◆ Exercise details:
Could you set down exactly the lines in the records below between the line holding "We are offering" and the line holding "Beschrijving:Tom Clancy's EndWar", inclusive?

◆ Exercise material:
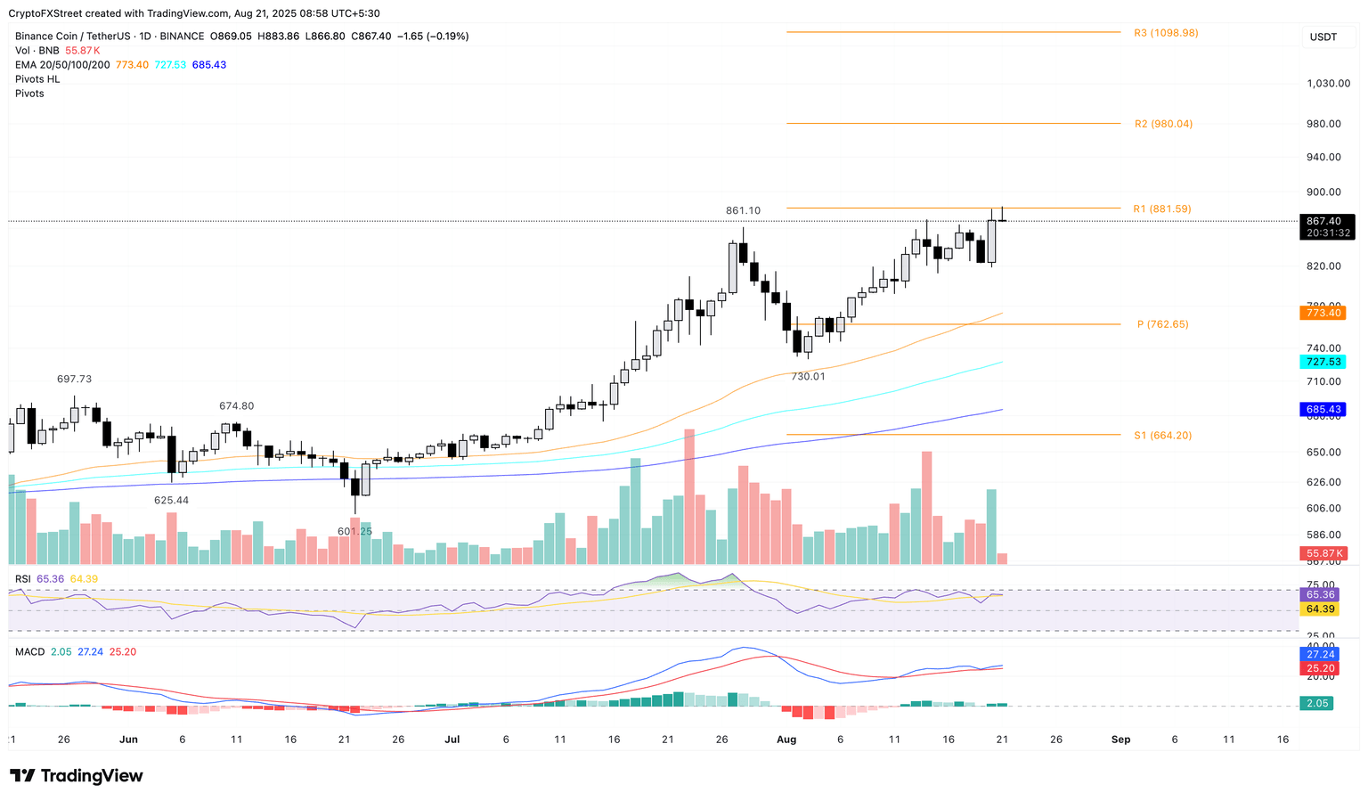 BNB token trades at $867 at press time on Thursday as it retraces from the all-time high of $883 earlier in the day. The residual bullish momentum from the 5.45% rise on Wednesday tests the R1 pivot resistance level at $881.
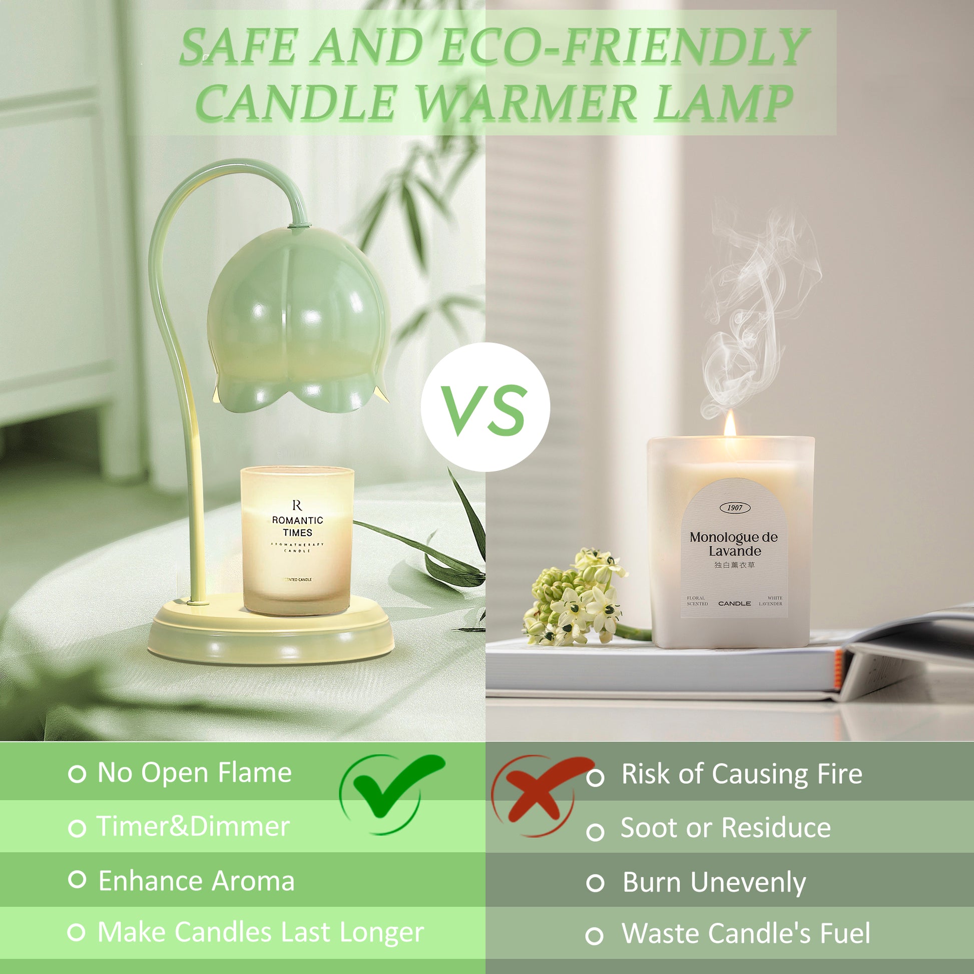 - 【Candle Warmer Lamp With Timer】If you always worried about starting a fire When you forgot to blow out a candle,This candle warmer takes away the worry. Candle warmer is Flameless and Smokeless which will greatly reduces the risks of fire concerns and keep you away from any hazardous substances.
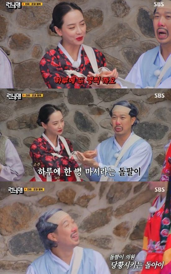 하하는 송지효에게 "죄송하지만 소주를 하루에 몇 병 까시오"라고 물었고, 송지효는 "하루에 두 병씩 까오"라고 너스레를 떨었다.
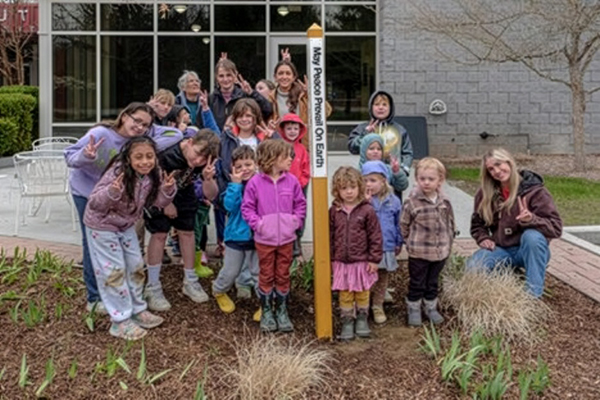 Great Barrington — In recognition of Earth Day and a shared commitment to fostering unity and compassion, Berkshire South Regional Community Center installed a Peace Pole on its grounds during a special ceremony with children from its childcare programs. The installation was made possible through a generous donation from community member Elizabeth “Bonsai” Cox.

...

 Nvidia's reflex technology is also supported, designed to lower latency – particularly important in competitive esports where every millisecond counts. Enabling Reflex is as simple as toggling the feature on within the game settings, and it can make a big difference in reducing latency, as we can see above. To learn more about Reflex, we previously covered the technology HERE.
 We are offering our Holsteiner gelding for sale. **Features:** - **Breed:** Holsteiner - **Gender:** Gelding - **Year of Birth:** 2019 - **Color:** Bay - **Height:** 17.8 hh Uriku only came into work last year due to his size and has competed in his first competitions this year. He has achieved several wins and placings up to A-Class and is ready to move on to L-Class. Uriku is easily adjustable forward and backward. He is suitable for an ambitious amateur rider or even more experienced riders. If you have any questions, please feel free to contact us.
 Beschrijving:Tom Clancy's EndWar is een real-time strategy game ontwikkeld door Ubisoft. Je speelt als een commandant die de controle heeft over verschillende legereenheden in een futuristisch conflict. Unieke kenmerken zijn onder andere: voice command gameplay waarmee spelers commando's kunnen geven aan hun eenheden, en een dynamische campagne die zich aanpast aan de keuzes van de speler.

...

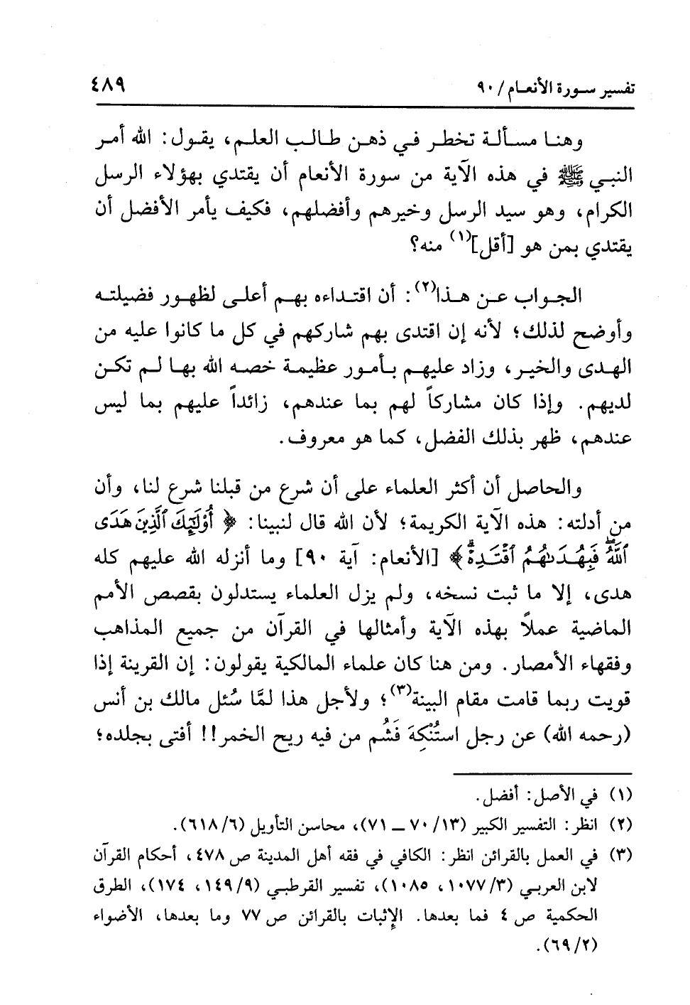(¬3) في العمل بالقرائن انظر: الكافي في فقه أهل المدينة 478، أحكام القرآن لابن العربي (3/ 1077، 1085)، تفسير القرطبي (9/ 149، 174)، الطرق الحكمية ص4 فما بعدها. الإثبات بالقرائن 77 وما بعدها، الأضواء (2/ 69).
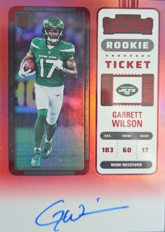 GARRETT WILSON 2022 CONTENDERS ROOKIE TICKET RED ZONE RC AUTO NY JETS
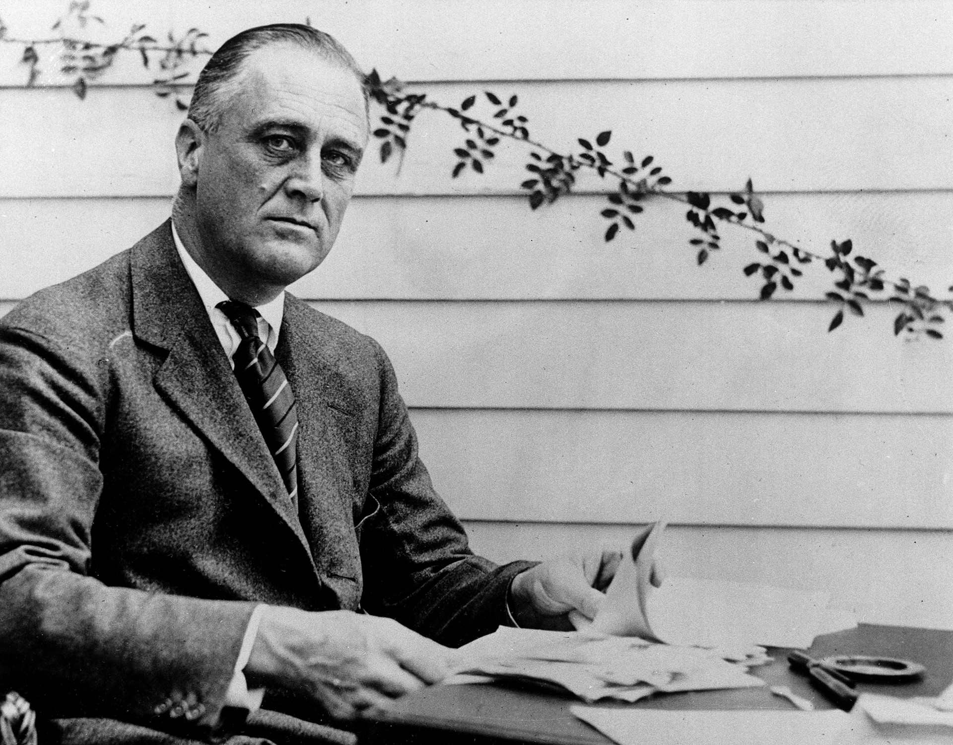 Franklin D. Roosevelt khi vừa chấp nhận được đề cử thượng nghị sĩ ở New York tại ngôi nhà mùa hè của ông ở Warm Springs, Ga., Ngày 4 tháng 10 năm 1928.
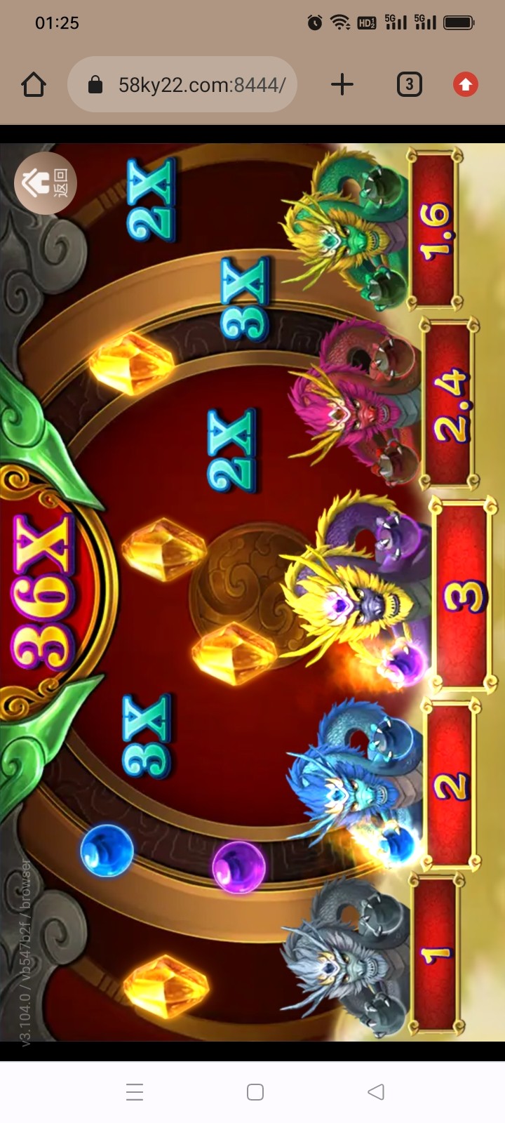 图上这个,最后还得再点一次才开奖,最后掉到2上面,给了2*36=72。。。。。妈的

◆ Output of the exercise:
 We are offering our Holsteiner gelding for sale. **Features:** - **Breed:** Holsteiner - **Gender:** Gelding - **Year of Birth:** 2019 - **Color:** Bay - **Height:** 17.8 hh Uriku only came into work last year due to his size and has competed in his first competitions this year. He has achieved several wins and placings up to A-Class and is ready to move on to L-Class. Uriku is easily adjustable forward and backward. He is suitable for an ambitious amateur rider or even more experienced riders. If you have any questions, please feel free to contact us.
 Beschrijving:Tom Clancy's EndWar is een real-time strategy game ontwikkeld door Ubisoft. Je speelt als een commandant die de controle heeft over verschillende legereenheden in een futuristisch conflict. Unieke kenmerken zijn onder andere: voice command gameplay waarmee spelers commando's kunnen geven aan hun eenheden, en een dynamische campagne die zich aanpast aan de keuzes van de speler.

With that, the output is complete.